Interestingly, in Bhardwaj’s earlier movie “Matru ki Bijli ka Mandola,” a 45-crore big budget Bollywood film with popular stars, the lead hero is a JNU product who in his alter-ego as the emancipator of the poor farmers is a superhero-like figure with the name ‘Mao’! This more than anything else shows the degree of comradeship Bhardwaj is affixed to in the domain of leftism, glorifying a mass murderer like Mao. It should have caused outrage in India, unfortunately it didn’t, perhaps because like every radical, subversive leftist thought, it was cloaked in too much distraction. Besides that, the film had multiple allusions to the usual objects of leftist rhetoric and jargon. One wonders why Bhardwaj did not chose to make his fashionable statement on the relation between his allegiance to leftist ideals and his art when it would have been apt for him to do so considering that the film had those themes. Also, it was an original film by Bhardwaj. The answer is simple – a 45-crore film cannot afford to alienate its audience and even the staunchest of leftist-artist souls have to bow to the market and moolah.

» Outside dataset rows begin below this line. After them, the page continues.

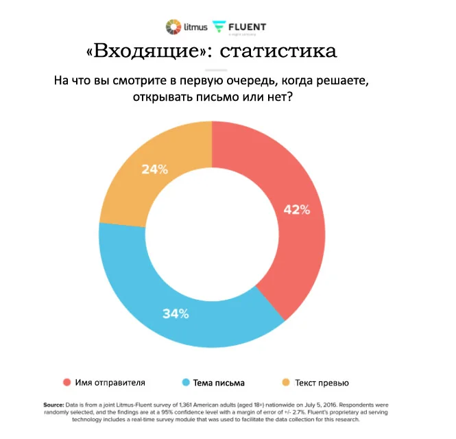 Тема рассылки важна, но содержание письма гораздо важнее. Это подтверждают исследования Litmus: 42% подписчиков в первую очередь обращают внимание на отправителя, когда решают, открывать письмо или нет. Имя отправителя у получателей ассоциируется с качеством рассылки
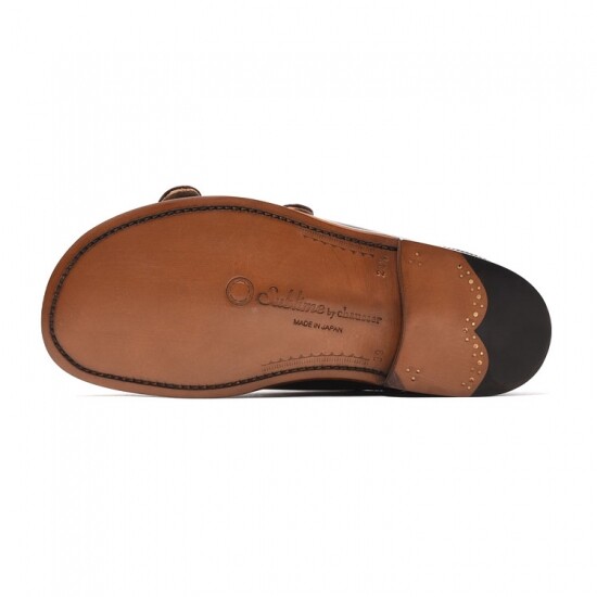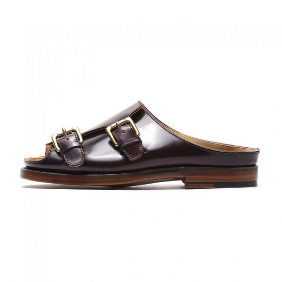 ソール面は、ダブルレザーソールの出し縫いグッドイヤーという超堅牢な作り込みです。ウエスト部分をアール状に削り残したデザインも迫力で心に刺さるオーラが凄いです。入荷早々に購入されたお客様は、『これも履き皺を入れたくなるよねぇ』とシェルコードバンサンダルならではのコメントが溢れました。
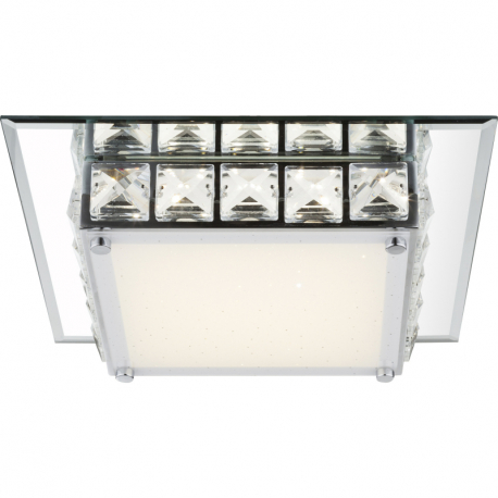 GL-49355 Stropní svítidlo, chrom, sklo bílé, K5 křišťály čiré, zrcadlový okraj, Dx?xV:25x25x7cm, včetně 1xLED 12W 230V, 720lm, 4000K. -
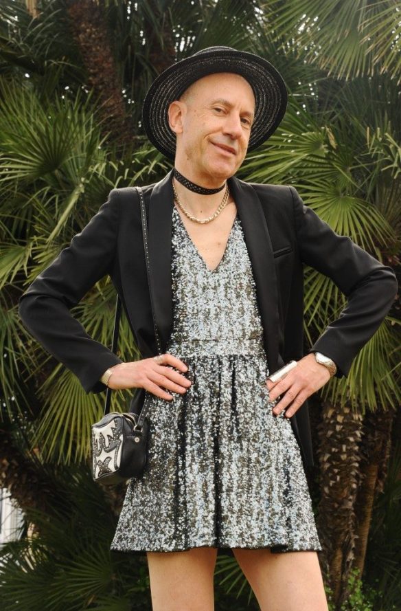 Une tenue pour briller lors de vos soirées et réceptions d’été, avec cette superbe robe Balmain, délicieusement courte, sans manches et entièrement recouverte de sequins très fins. Le succès assuré! Veste Sandro style smoking avec col châle en satin. Mini-sac à bandoulière en cuir clouté Zadig&Voltaire. Choker H&M. Collier ras-du-cou en argent Clio Blue. Chapeau en paille Maison Michel. Manchette et bagues argentées Clara Jasmine. Boots en cuir suédé What For (Photos prises à Cannes pendant le dernier Festival. Dernière photo: un grand merci à Miss Elégance pour sa tendre complicité)

Coming back to Haider, there are a few remarkable scenes which reveal its maker’s point of view. In one of the early scenes of Haider’s arrival in Kashmir, he is detained by the Army for calling Anantnag as Islamabad and is later let off after being reminded that there is only one Islamabad. There is a cursory reference by an Army officer on Kashmiri Pandits and also the abandoned house of a Pandit being used to hide the ‘disappeared’ and to kill them later, which is all that Bhardwaj mentions about Pandits of the valley.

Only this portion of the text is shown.